The Overdub Tampering Committee

By RYAN WALSH  |  February 15, 2012


PLAYING TELEPHONE The misrepresentation of outrage at a Mike Daisey performance in Cambridge led the OTC to believe the media — and, in turn, the public — could easily be duped.

PULLING A DAISEY

I had a small group of musician friends who became my trusted inner circle. As we hashed out the details on what this project would actually entail, however, the reality of the workload dawned on us. This would quickly become like a fulltime job for all of us; most of us already had a fulltime job, plus our own bands. I shrugged and thought, "Well, that was enjoyable to think about."

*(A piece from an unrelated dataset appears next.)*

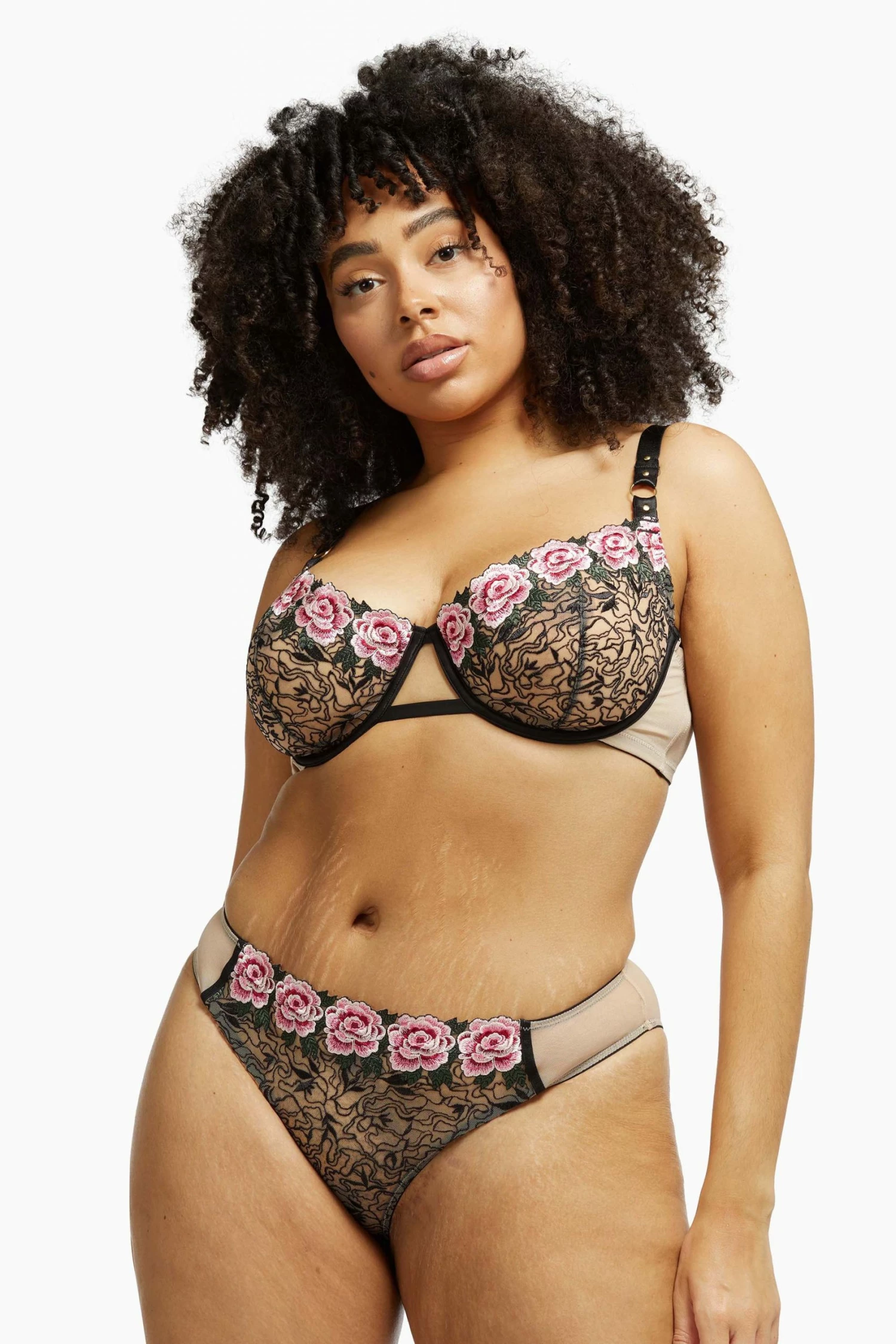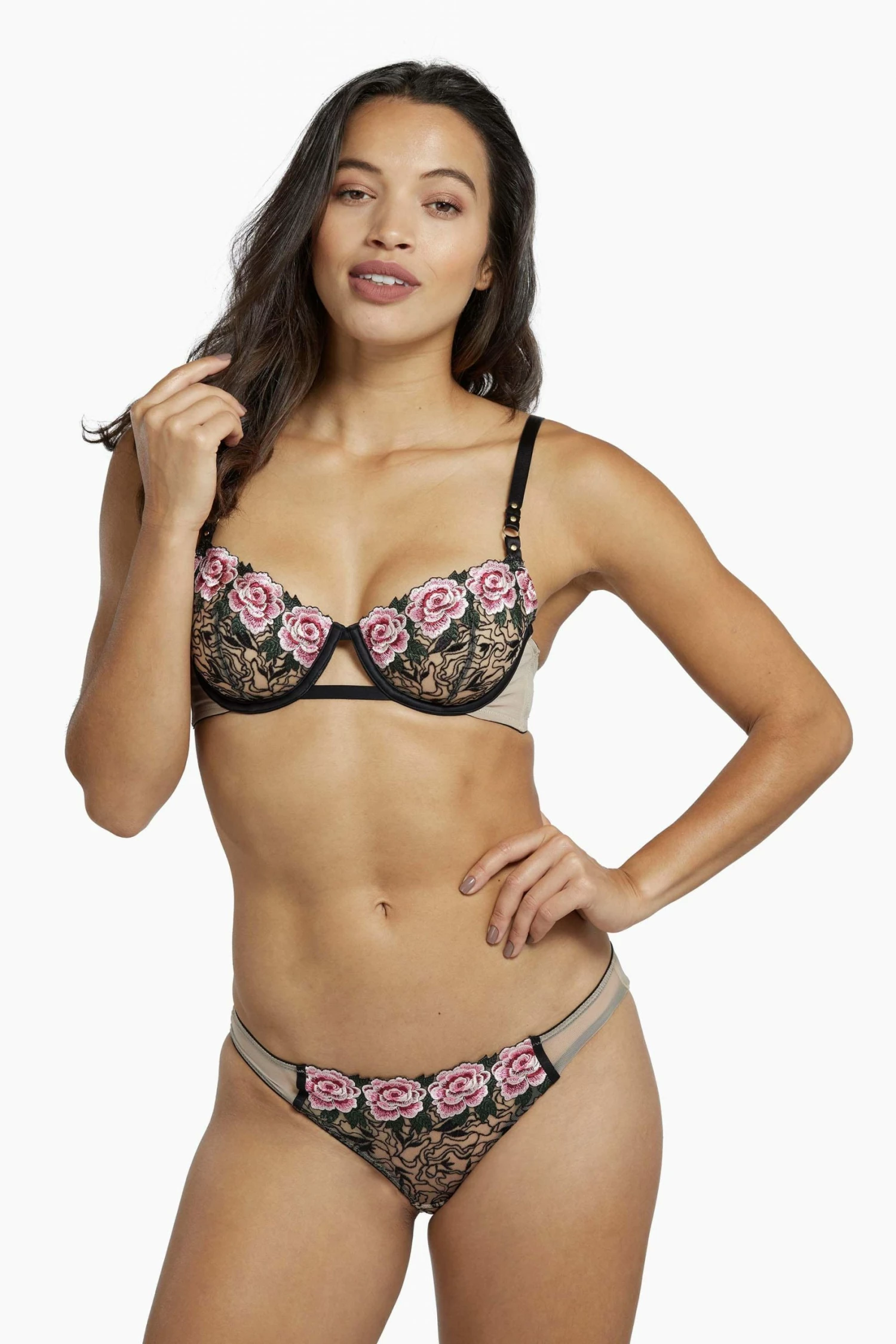 Find yourself in a floral wonderland in the Katy set! Pink roses are embroidered over a cream-coloured mesh, with abstract black embroidery over the cups. The straps are finished in sleek black satin to bring a modern look to this otherwise classically feminine set.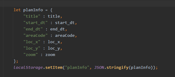 여행 일정을 작성 전 모달창에서 입력한 정보들을 저장해놓을거라 JSON 형태로 보냈다.

But then I remembered something strange that happened a year prior. I was working as a box office clerk when monologist Mike Daisey brought his new piece, called Invincible Summer, for a three-week run in Cambridge. Summer was brilliantly funny and intelligent, but also riddled with F-bombs and references to anal sex with Paris Hilton. One night, I became a little wary when a large group of teenagers and parent/teacher chaperones filed into the theater for the show with their pre-purchased tickets. After the curtain rose, as I was closing down the box office, the head chaperone came bursting out of the theater. He had gone ghostly pale. "You people told me this was a clean performance!" he screamed. "There's nothing but curse words in there! I'm gonna get fired! I need to get my students out — now!"

I nearly shit a brick. I had never before faced the problem of getting a large number of audience members out of the theater during a performance. I knew it was going to disrupt the monologue.

I talked to the house manager and we devised a plan: we'd bring the lights up a bit, allow the teacher to walk in, tell his students to leave, and then the show would continue. I asked the chaperone if he thought he could do this in a polite, orderly fashion. He said yes.

We opened the door and the chaperone entered the theater. Moments later kids began streaming out. Apparently he didn't have to say anything. They saw him, got up, and left. Outside in the lobby, other teachers crowded around the man who pulled the plug. He was sobbing with a brutal intensity.

Minutes later, I learned that one of the other chaperones had walked up to Daisey's desk and poured his entire bottle of water all over the show notes laid out on the table.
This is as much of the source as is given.